╭──

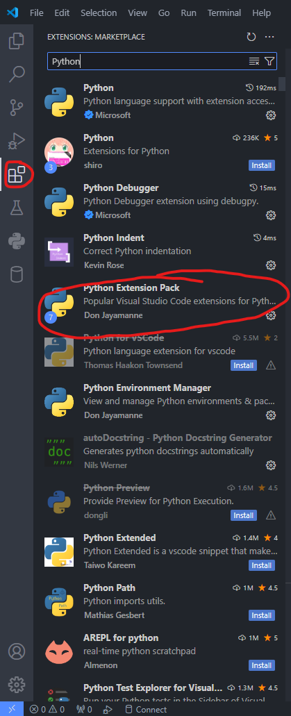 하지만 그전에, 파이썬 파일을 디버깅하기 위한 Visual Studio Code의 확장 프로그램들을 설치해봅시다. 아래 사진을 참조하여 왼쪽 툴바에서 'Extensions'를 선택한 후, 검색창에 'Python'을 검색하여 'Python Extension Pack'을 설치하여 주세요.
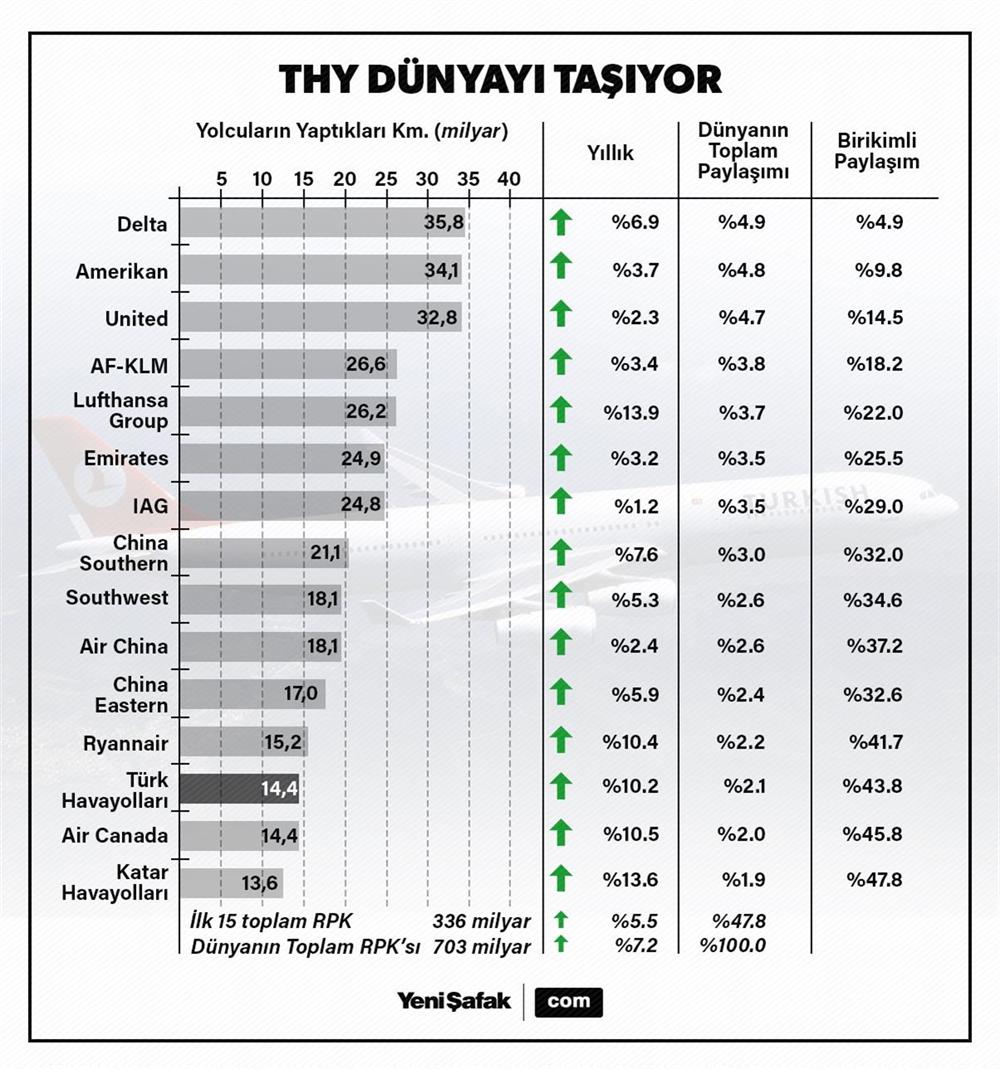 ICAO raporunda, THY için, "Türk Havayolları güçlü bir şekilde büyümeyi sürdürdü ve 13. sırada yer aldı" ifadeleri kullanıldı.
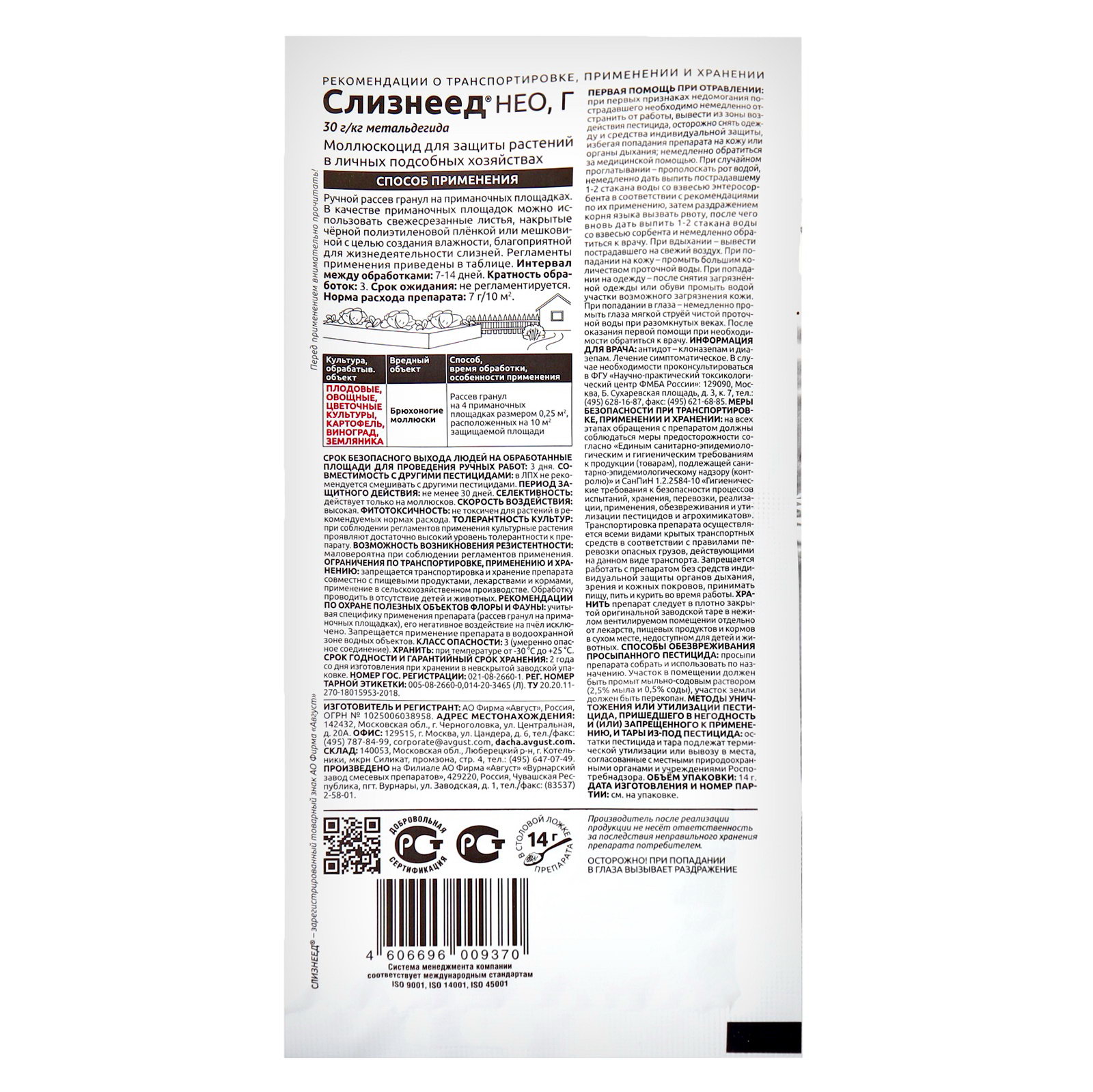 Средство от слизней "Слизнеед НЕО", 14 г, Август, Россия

╰──

All of the material above must be given again verbatim, except for the pictures.

 하지만 그전에, 파이썬 파일을 디버깅하기 위한 Visual Studio Code의 확장 프로그램들을 설치해봅시다. 아래 사진을 참조하여 왼쪽 툴바에서 'Extensions'를 선택한 후, 검색창에 'Python'을 검색하여 'Python Extension Pack'을 설치하여 주세요.
 ICAO raporunda, THY için, "Türk Havayolları güçlü bir şekilde büyümeyi sürdürdü ve 13. sırada yer aldı" ifadeleri kullanıldı.
 Средство от слизней "Слизнеед НЕО", 14 г, Август, Россия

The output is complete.